Zu Liquidatoren wurden der erste Vorsitzende Klaus Reichle, der zweite Vorsitzende Martin Schmid und Kassierer Siegbert Brugger einstimmig gewählt. Eine Satzungsänderung bezüglich der Verteilung des Vereinsvermögens wurde bisher nicht durchgeführt, sodass das Vereinsvermögen an gemeinnützige Vereine oder Organisationen verteilt werden könne.
Verteilung des Vereinsvermögens
Zur Diskussion gestellt wurde die Verteilung an Vereine, die in besonderem Maße den Harmonika-Club in der Vergangenheit unterstützt hatten. Besonders das Deutsche Rote Kreuz, die Musikkapelle Neuhausen, der Schwäbische Albverein und der Turn- und Sportverein Neuhausen sollen mit einer finanziellen Spende bedacht werden. Ein Mitglied wollte auch den Bezirk Schwarzwald-BaarHeuberg des Deutschen Harmonikaverbandes unterstützen. Nach reger Diskussion beschloss die Versammlung, die vier genannten Vereine und den Bezirk finanziell zu unterstützen. Der Rest des geldlichen Vereinsvermögens soll der Nachsorgeklinik Tannheim zugutekommen. Das Notenmaterial soll anderen musizierendenVereinen zur Verfügung gestellt und kleine Musikinstrumente der Homburgschule und den Kindergärten angeboten werden.

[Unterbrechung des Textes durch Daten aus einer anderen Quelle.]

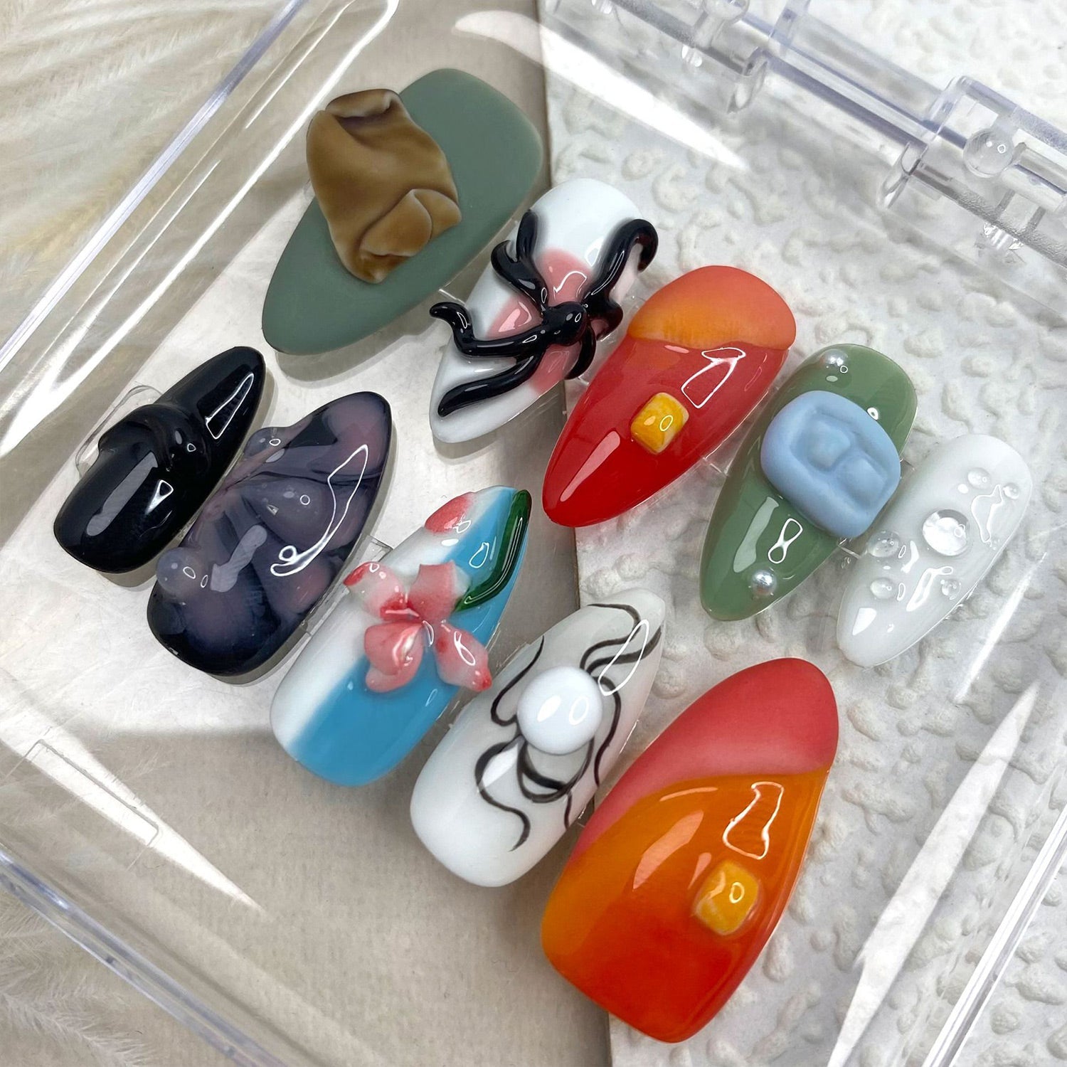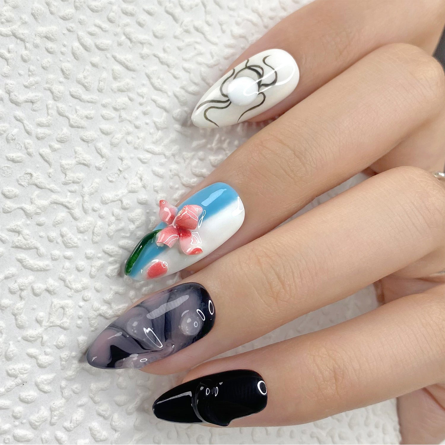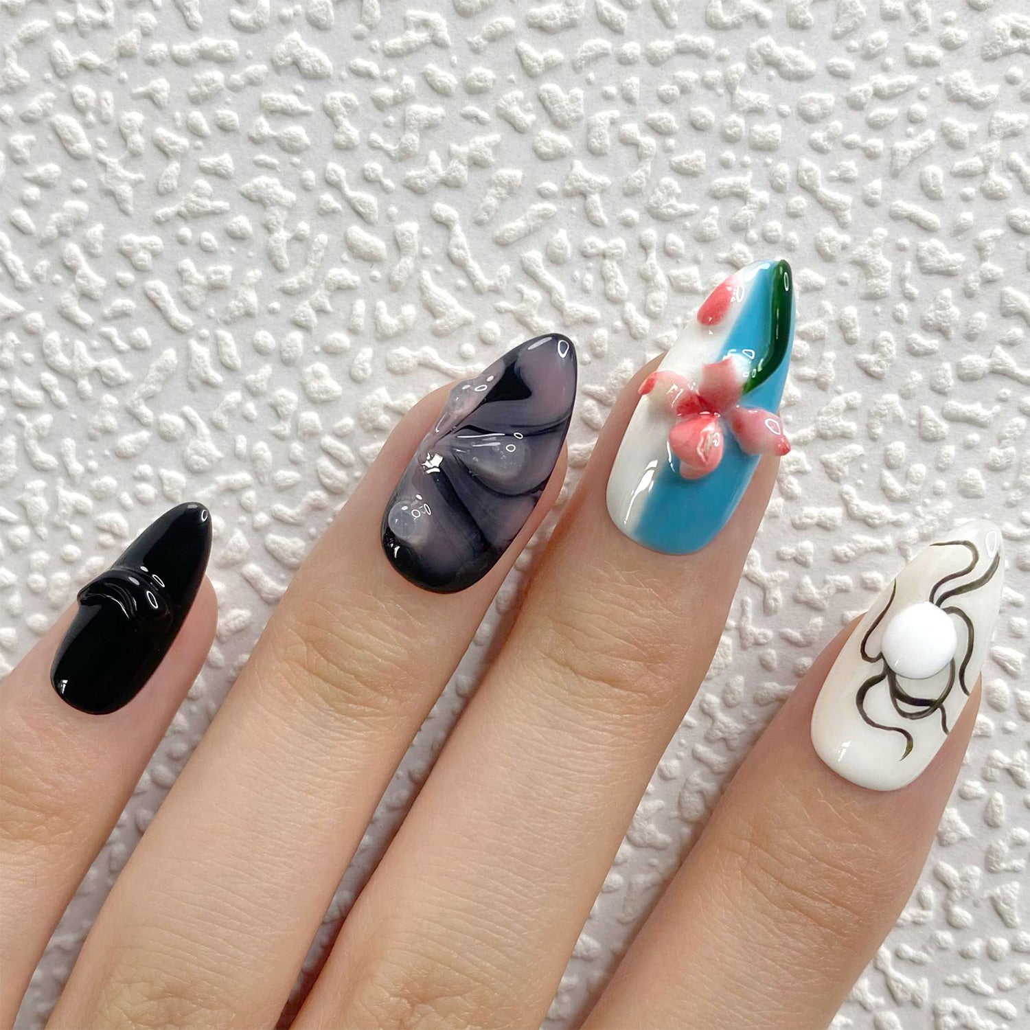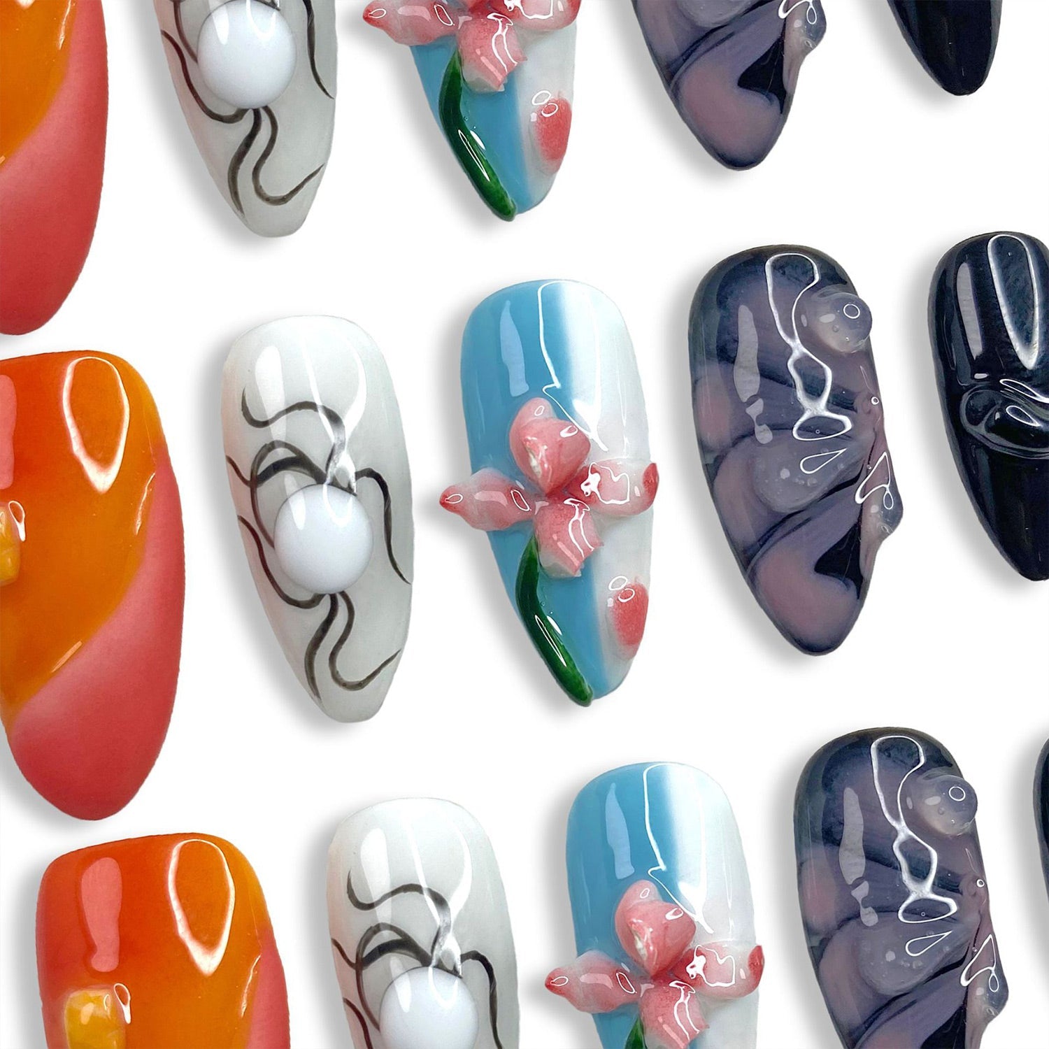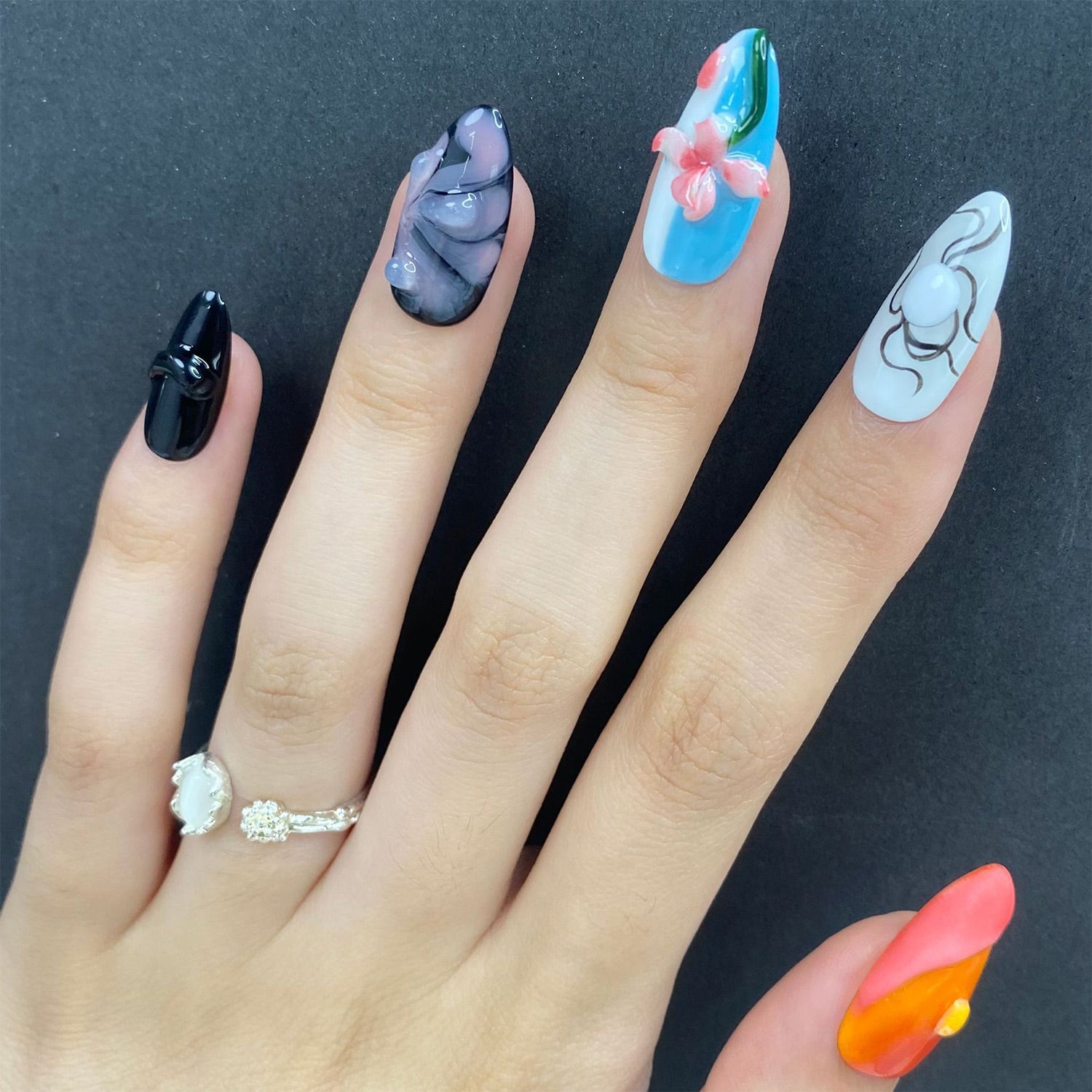This manicure is a playful take on abstract art, with a mix of vibrant and dark tones. The liquid-like 3D accents and hand-painted details make this a truly expressive and fun design.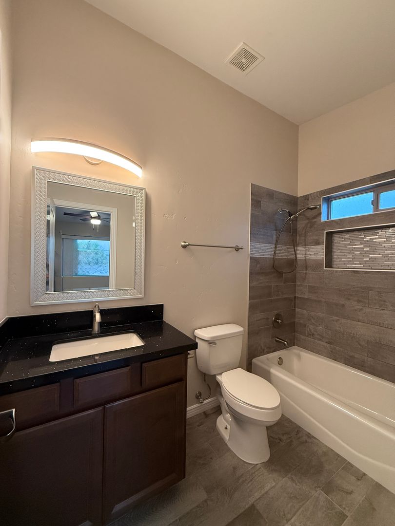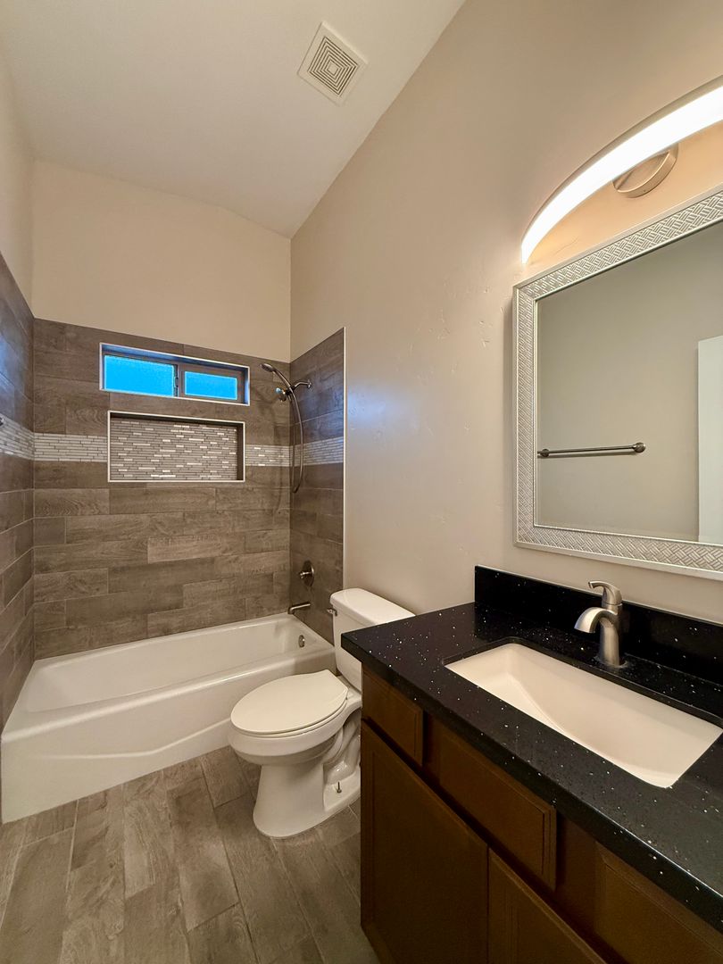 Discover a newer 3-bedroom, 3-bath 3 car garage duplex in Lake Havasu City, AZ featuring all-tile flooring and quartz countertops. The unit includes a water softener and utilities for water, sewer, and trash are included in the rent. Convenience features include an attached garage with 10' high door and laundry hookups (stackable hookups also inside), plus a center garage section walled off at 42.8" deep. Additional highlights are a cozy private covered rear patio, chain-link fenced backyard, and prewiring for surround sound and an alarm system. Our company requires an online completed application prior to showing @www.HavasuRentalHome.com. Please contact Tracy for more information.

Nachdem die formelle Auflösung beschlossen war, ergriff Bürgermeister Hans-Jürgen Osswald das Wort. „Die Vereinsauflösung ist ein trauriges Ereignis. Aber ich begrüße auch die konsequente Entscheidung“, sagte Osswald. „Sie haben sich nichts vorzuwerfen. Sie waren der erste und einzige Verein, der vor zehn Jahren eine Kooperation mit der damaligen Grundschule eingegangen ist und sich aktiv bei der Einführung der Ganztagesbetreuung einbrachte. Sie haben nie aufgehört sich in der Nachwuchsgewinnung zu engagieren. Der Schritt ist konsequent und richtig“, fügt Osswald hinzu. Das Gemeindeoberhaupt sagte dem Verein jegliche Unterstützung zu, denn einen Verein zu gründen sei viel einfacher, als einen Verein aufzulösen.
Osswald dankte dem HarmonikaClub für all die Jahre und Jahrzehnte, in der das Orchester das Gemeinwesen mit Leben erfüllt und bereichert habe. Bei der Abwicklung der Formalitäten und des Proberaumes stehe die Verwaltung mit Rat und Tat zur Seite. Zum Schluss dankte Reichle noch der Wirtin vom Gasthaus „Adler“Ingrid Reichle für die jahrelange freundliche Bewirtung im Vereinslokal mit einem Geschenk. Auch werde ein Freitagsstammtisch einmal monatlich stattfinden. Mit Wehmut und mit feuchten Augen beendete Reichle die Versammlung und schlug das Kapitel „Harmonika-Club 1931 Neuhausen ob Eck“zu.